* WORK INSTRUCTION
In the records below, find the line with "たいよう組さんがいつも給食の", then retype it and every following line exactly, stopping after the line with "Phylogenetic relationship (A)". Leave the pictures out.

─── EXERCISE DATA ───

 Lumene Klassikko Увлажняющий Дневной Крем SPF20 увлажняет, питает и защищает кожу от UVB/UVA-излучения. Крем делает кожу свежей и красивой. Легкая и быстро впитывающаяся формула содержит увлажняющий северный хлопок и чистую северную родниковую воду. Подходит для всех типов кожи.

───
─── EXERCISE DATA ───

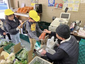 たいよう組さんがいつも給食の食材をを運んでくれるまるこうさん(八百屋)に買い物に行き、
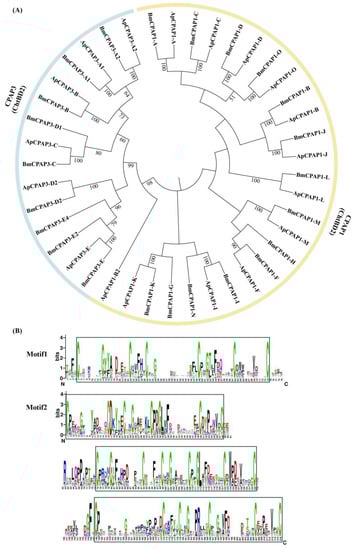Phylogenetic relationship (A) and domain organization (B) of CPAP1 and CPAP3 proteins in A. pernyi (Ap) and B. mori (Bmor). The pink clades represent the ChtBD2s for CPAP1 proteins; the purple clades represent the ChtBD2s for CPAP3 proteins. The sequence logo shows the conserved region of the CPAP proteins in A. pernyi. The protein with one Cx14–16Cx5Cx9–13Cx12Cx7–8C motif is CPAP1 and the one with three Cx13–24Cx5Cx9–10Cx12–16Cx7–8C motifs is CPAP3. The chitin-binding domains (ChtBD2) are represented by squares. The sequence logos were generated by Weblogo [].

───

* THE COMPLETED TASK
 たいよう組さんがいつも給食の食材をを運んでくれるまるこうさん(八百屋)に買い物に行き、
Phylogenetic relationship (A) and domain organization (B) of CPAP1 and CPAP3 proteins in A. pernyi (Ap) and B. mori (Bmor). The pink clades represent the ChtBD2s for CPAP1 proteins; the purple clades represent the ChtBD2s for CPAP3 proteins. The sequence logo shows the conserved region of the CPAP proteins in A. pernyi. The protein with one Cx14–16Cx5Cx9–13Cx12Cx7–8C motif is CPAP1 and the one with three Cx13–24Cx5Cx9–10Cx12–16Cx7–8C motifs is CPAP3. The chitin-binding domains (ChtBD2) are represented by squares. The sequence logos were generated by Weblogo [].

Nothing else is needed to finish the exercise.